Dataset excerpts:
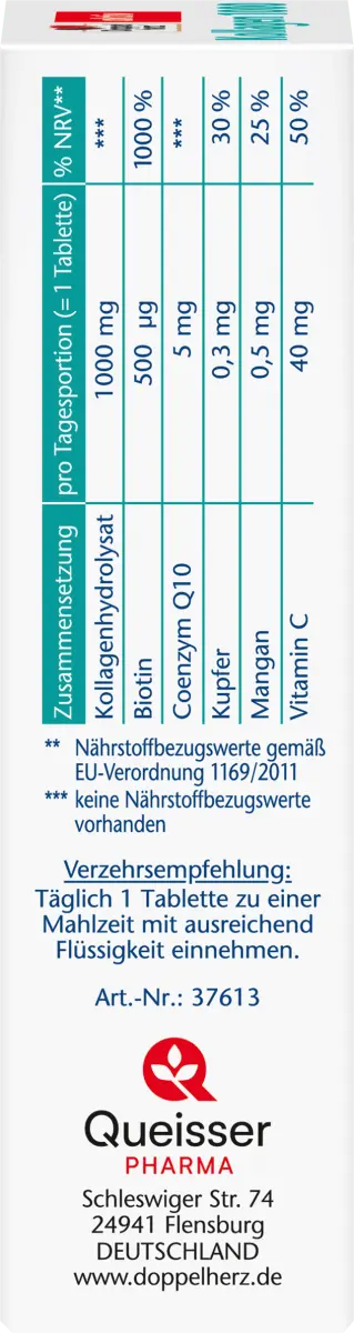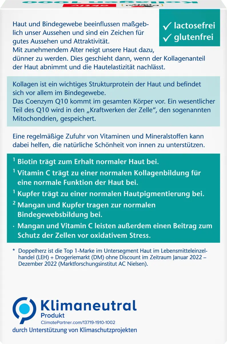 >Doppelherz active Collagen 1000 помогает поддерживать естественную красоту изнутри. С возрастом наша кожа имеет тенденцию становиться тоньше. Это происходит, когда содержание коллагена в коже снижается и снижается эластичность кожи. Коллаген является важным структурным белком кожи и содержится в основном в соединительной ткани. Коэнзим Q10 встречается по всему телу. Значительная часть Q10 хранится в «энергетических станциях клетки», так называемых митохондриях.
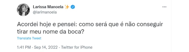 “Acordei hoje e pensei: como será que é não conseguir tirar meu nome da boca?”, disparou a atriz e cantora no Twitter.
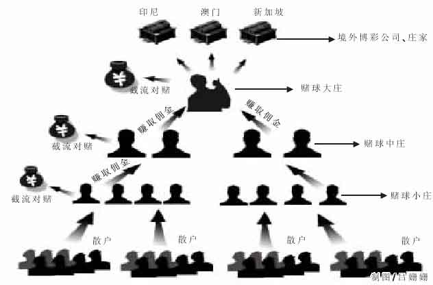 散戶投注給小莊,小莊上面有稍大一點的莊,這樣層層遞進,最后匯集到少數(shù)大莊。
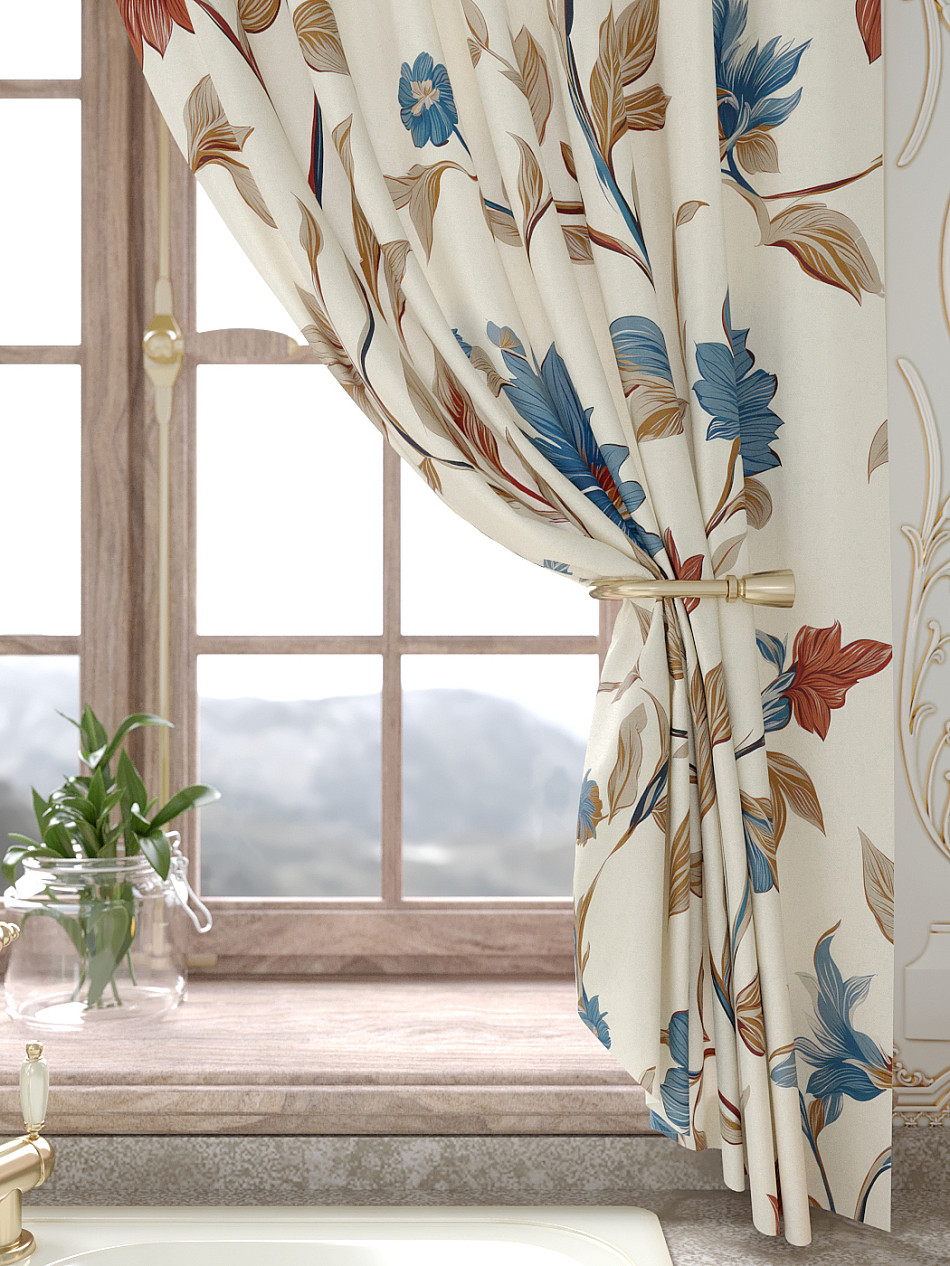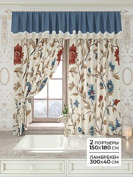Портьеры 150х160 см. — 2 шт., Ламбрекен 300х40 см. — 1 шт. Комплект штор из легкой портьерной ткани (габардин) оформлен печатным рисунком. Печатный рисунок дает широкие возможности обновить интерьер фактически не требуя ремонта за счет огромного выбора. Ткани с печатным рисунком безопасны и не содержат токсичных веществ. Не смотря на то, что материал легкий, он имеет высокую плотность, мало загрязнятся и не требует особого ухода даже после стирки, что важно для кухонных занавесок. Шторы не выцветают, не растягиваются, превосходно драпируются, образуя струящиеся складки. Прекрасное решение для создания красоты и уюта с помощью уникальных дизайнов.
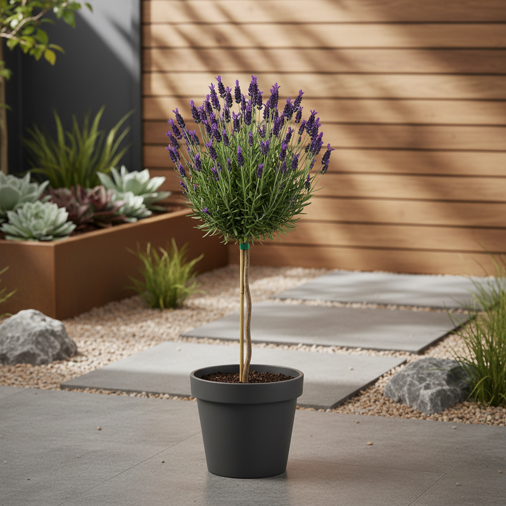 Lawenda na pniu (Lavandula) to elegancka forma, w której kulista korona pełna kwiatów osadzona jest na prostym pniu. Tworzy efekt fioletowej, pachnącej kuli unoszącej się nad rabatą, która przyciąga wzrok i wprowadza śródziemnomorski klimat. Podczas kwitnienia obsypuje się drobnymi kwiatami i roztacza przyjemny zapach. Świetnie sprawdzi się na tarasie, balkonie lub przy wejściu do domu. To roślina, która daje dekoracyjny wygląd i aromat w jednym.
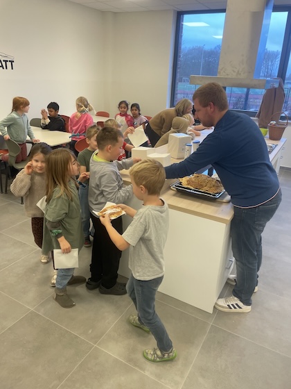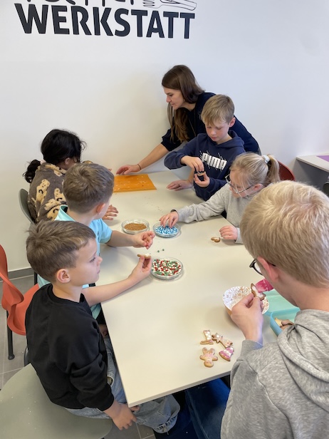 Für das leibliche Wohl war ebenfalls bestens gesorgt: Dank der tatkräftigen Unterstützung unserer Eltern und Elternvertreterinnen und Elternvertreter konnten sich die Kinder mit frisch gebackenen Waffeln stärken. Außerdem hatten die Klassen die Möglichkeit, gemeinsam Plätzchen zu backen, die in der Adventszeit zusammen gegessen werden. An dieser Stelle möchten wir uns ganz herzlich bei unserer engagierten Elternschaft und allen helfenden Elternvertreterinnen und Elternvertretern bedanken.
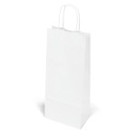 The Vino White Shopper is made with white kraft paper and features twisted paper handles and a serrated cut top. It can accommodate a single wine bottle. 5 1/2″ W x 3 1/2″ D x 13″ H
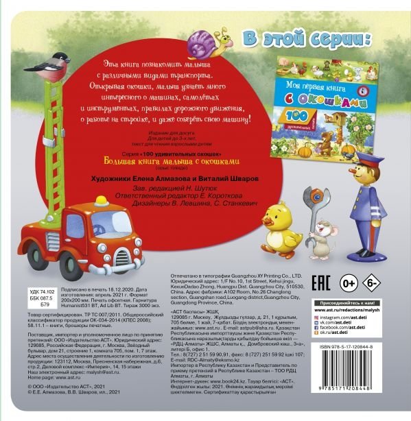 Открывая окошки, малыш узнает много интересного о машинах, самолетах и инструментах, правилах дорожного движения, работе на стройке, и даже соберет свою машину!
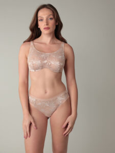 В новой коллекции представлены актуальные чувственные фасоны, такие, как балконет, который снова в тренде, или бралетт, который в последние сезоны стали носить не только, как бюстгальтер, но и как топ; дерзкие и слегка провокативные контрастные модели, со вставками в виде кружев и цветов; смелые и пикантные полупрозрачные бра с ажурными узорами и элегантной сеточкой; комфортные модели без косточек , дарящие чувство свободы; трусы с высокой посадкой, актуальные, как никогда, и сексуальные модели с низкой посадкой; уютные пижамки, в которых приятно понежится в постели.
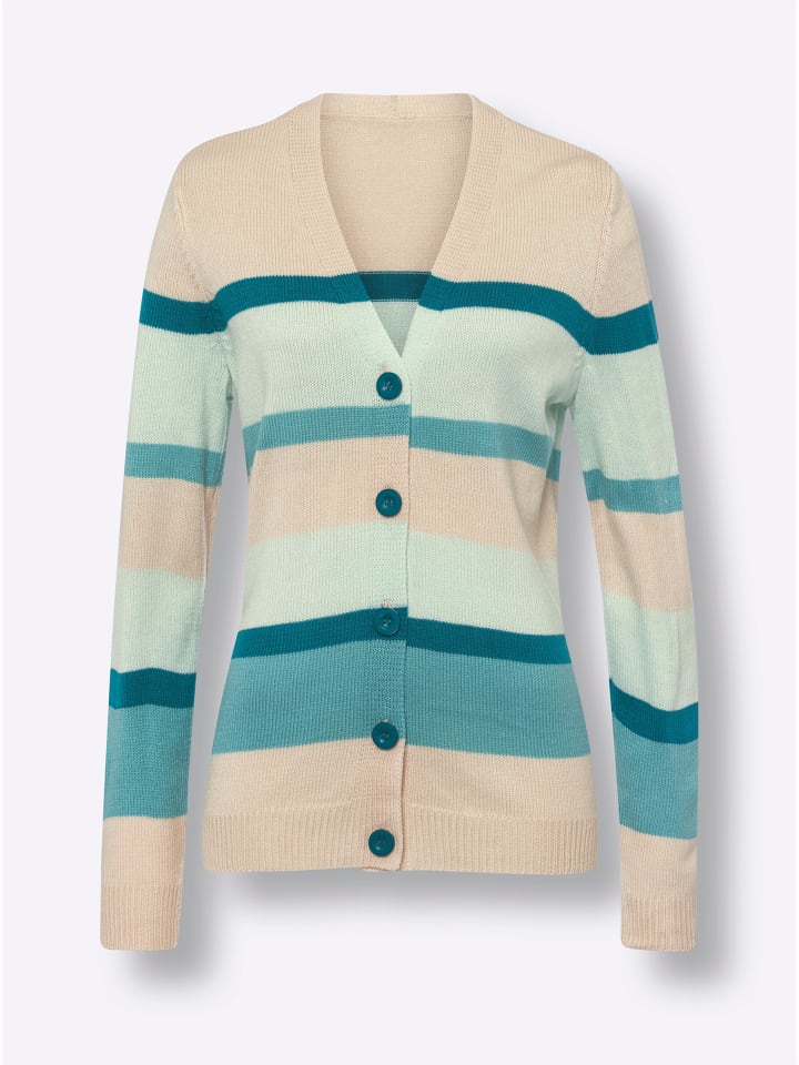Представляем! Ваш модный спутник на каждый день! Кардиган, не требующий сложного ухода, с полосатым узором в тон. С V-образным вырезом и планкой на пуговицах. Ребристые манжеты на длинных рукавах и по низу.
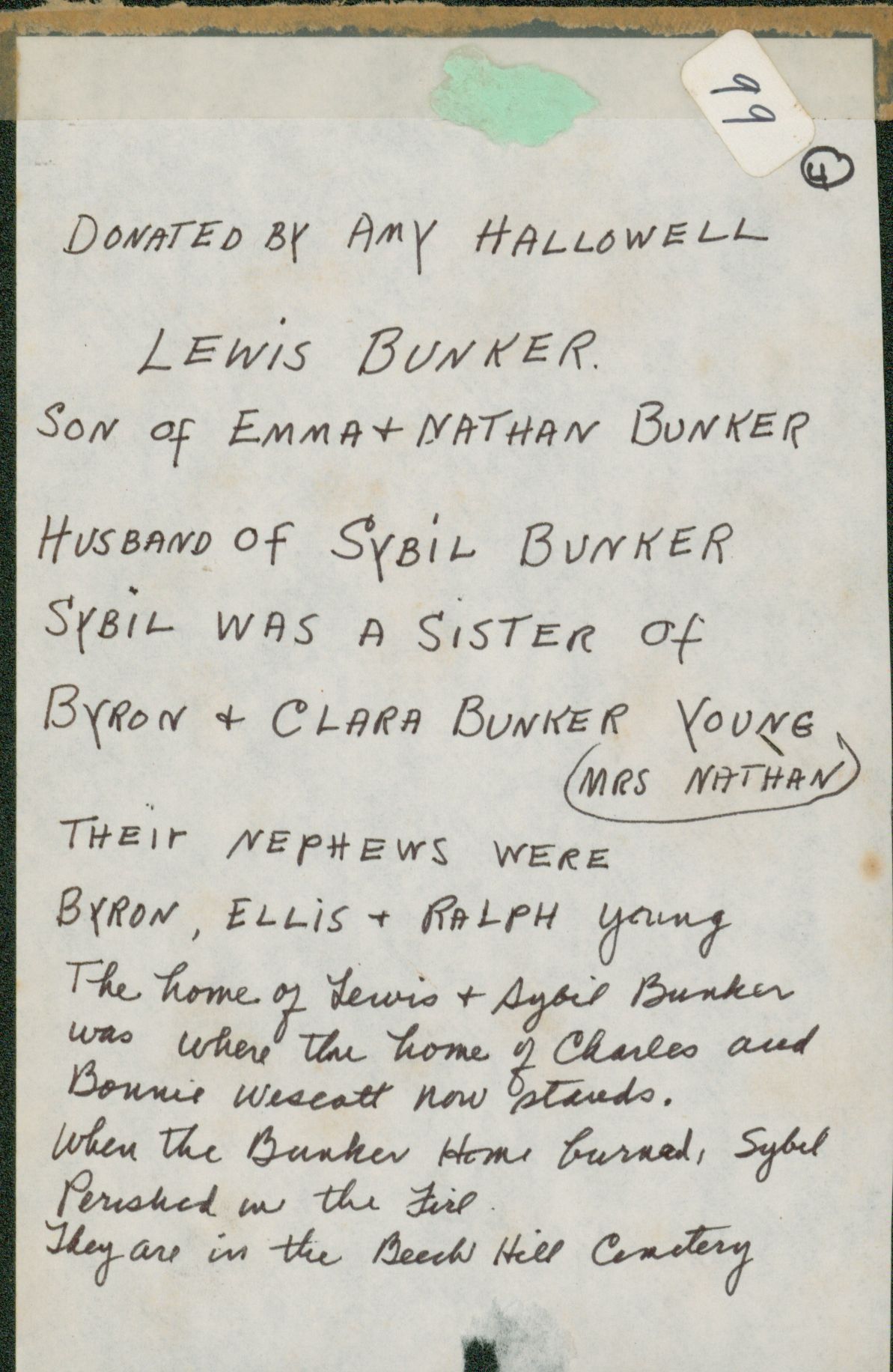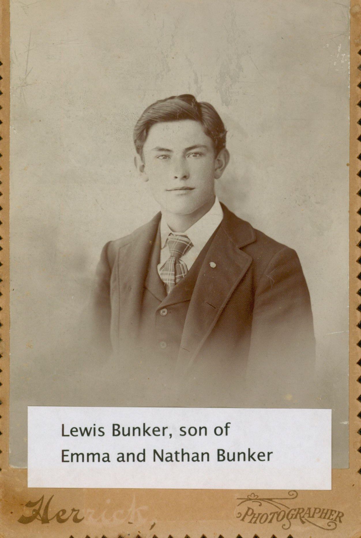 Photo of Lewis Bunker, son of Emma and Nathan Bunker. Additional information on the back of the photo.

Work request:
Restate the data word for word while omitting each picture.

Exercise solution:
 >Doppelherz active Collagen 1000 помогает поддерживать естественную красоту изнутри. С возрастом наша кожа имеет тенденцию становиться тоньше. Это происходит, когда содержание коллагена в коже снижается и снижается эластичность кожи. Коллаген является важным структурным белком кожи и содержится в основном в соединительной ткани. Коэнзим Q10 встречается по всему телу. Значительная часть Q10 хранится в «энергетических станциях клетки», так называемых митохондриях.
 “Acordei hoje e pensei: como será que é não conseguir tirar meu nome da boca?”, disparou a atriz e cantora no Twitter.
 散戶投注給小莊,小莊上面有稍大一點的莊,這樣層層遞進,最后匯集到少數(shù)大莊。
Портьеры 150х160 см. — 2 шт., Ламбрекен 300х40 см. — 1 шт. Комплект штор из легкой портьерной ткани (габардин) оформлен печатным рисунком. Печатный рисунок дает широкие возможности обновить интерьер фактически не требуя ремонта за счет огромного выбора. Ткани с печатным рисунком безопасны и не содержат токсичных веществ. Не смотря на то, что материал легкий, он имеет высокую плотность, мало загрязнятся и не требует особого ухода даже после стирки, что важно для кухонных занавесок. Шторы не выцветают, не растягиваются, превосходно драпируются, образуя струящиеся складки. Прекрасное решение для создания красоты и уюта с помощью уникальных дизайнов.
 Lawenda na pniu (Lavandula) to elegancka forma, w której kulista korona pełna kwiatów osadzona jest na prostym pniu. Tworzy efekt fioletowej, pachnącej kuli unoszącej się nad rabatą, która przyciąga wzrok i wprowadza śródziemnomorski klimat. Podczas kwitnienia obsypuje się drobnymi kwiatami i roztacza przyjemny zapach. Świetnie sprawdzi się na tarasie, balkonie lub przy wejściu do domu. To roślina, która daje dekoracyjny wygląd i aromat w jednym.
 Für das leibliche Wohl war ebenfalls bestens gesorgt: Dank der tatkräftigen Unterstützung unserer Eltern und Elternvertreterinnen und Elternvertreter konnten sich die Kinder mit frisch gebackenen Waffeln stärken. Außerdem hatten die Klassen die Möglichkeit, gemeinsam Plätzchen zu backen, die in der Adventszeit zusammen gegessen werden. An dieser Stelle möchten wir uns ganz herzlich bei unserer engagierten Elternschaft und allen helfenden Elternvertreterinnen und Elternvertretern bedanken.
 The Vino White Shopper is made with white kraft paper and features twisted paper handles and a serrated cut top. It can accommodate a single wine bottle. 5 1/2″ W x 3 1/2″ D x 13″ H
 Открывая окошки, малыш узнает много интересного о машинах, самолетах и инструментах, правилах дорожного движения, работе на стройке, и даже соберет свою машину!
 В новой коллекции представлены актуальные чувственные фасоны, такие, как балконет, который снова в тренде, или бралетт, который в последние сезоны стали носить не только, как бюстгальтер, но и как топ; дерзкие и слегка провокативные контрастные модели, со вставками в виде кружев и цветов; смелые и пикантные полупрозрачные бра с ажурными узорами и элегантной сеточкой; комфортные модели без косточек , дарящие чувство свободы; трусы с высокой посадкой, актуальные, как никогда, и сексуальные модели с низкой посадкой; уютные пижамки, в которых приятно понежится в постели.
Представляем! Ваш модный спутник на каждый день! Кардиган, не требующий сложного ухода, с полосатым узором в тон. С V-образным вырезом и планкой на пуговицах. Ребристые манжеты на длинных рукавах и по низу.
 Photo of Lewis Bunker, son of Emma and Nathan Bunker. Additional information on the back of the photo.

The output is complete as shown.